Out Of This World: Science Fiction But Not As You Know It, British Library, review - Telegraph

This is awesome, you should go:

The British Library’s latest exhibition, Out Of This World: Science Fiction But Not As You Know It, challenges the notion that sci-fi is restricted to fanboys. In displaying an extraordinary number of seminal and unexpected texts it reminds us that pigeon-holing this fiction is both incorrect and a shame. Fiction is fantasy in its very nature, science fiction just takes it a little further off-piste. Plus, authors such as HG Wells, George Orwell, Margaret Atwood, Kazuo Ishiguro and JG Ballard have been key players in the genre.

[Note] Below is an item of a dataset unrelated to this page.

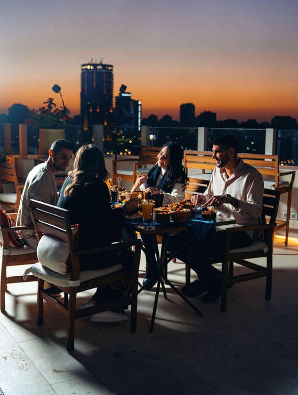 The Rooftop is Kempinski Nile Hotel Garden City Cairo's luxurious open-air dining venue above the busy city streets, serving international cuisine.
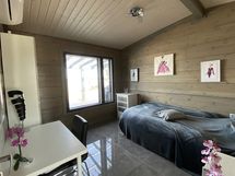 Talossa on 3 varsinaista makuuhuonetta, joihin jokaiseen mahtuu iso parisänky, pöytä, kaapistot ym. Lisäksi työ-/toimistotila, johon mahtuu norm. toimistokalusteiden lisäksi esim. kerrossängyt. Tähän tilaan on oma sisäänkäynti myös ulkoa. Makuuhuoneissa sähköiset pimennyskaihtimet ikkunoissa. Kaksi suihkuhuonetta (suihkukaapit), joista toinen suihkukaappi on myös ns. ”höyrysauna” ja WC:t. Toisessa suihkuhuoneessa lisäksi poreamme. Pyykinpesukone ja kuivausrumpu toisessa suihkuhuoneessa.

Rule out sci-fi and you rule out their work.

There’s lots to savour and enjoy here - original manuscripts, archive audio and videos, full-size martian tripod sculptures. Definitely worth a visit.

St Ali - Farringdon EC1M - Restaurant Review - Time Out London

Mmmmmm, coffee:

It seems that no new coffee house can appear without the words ‘Aussie’ or ‘Kiwi’ arriving in the same breath. But with an opening like St Ali, it’s impossible to ignore. Yes, it is Australian, but it’s a sister branch of an esteemed coffee-focused café established in Melbourne 11 years ago. That the owners chose to open their second branch more than 10,000 miles away in London demands a mention, and says a lot about the way Antipodeans, with their radical ideas on café culture (friendly service, good food, good coffee) view the current possibilities in our city.

I paid a visit yesterday, was most impressed.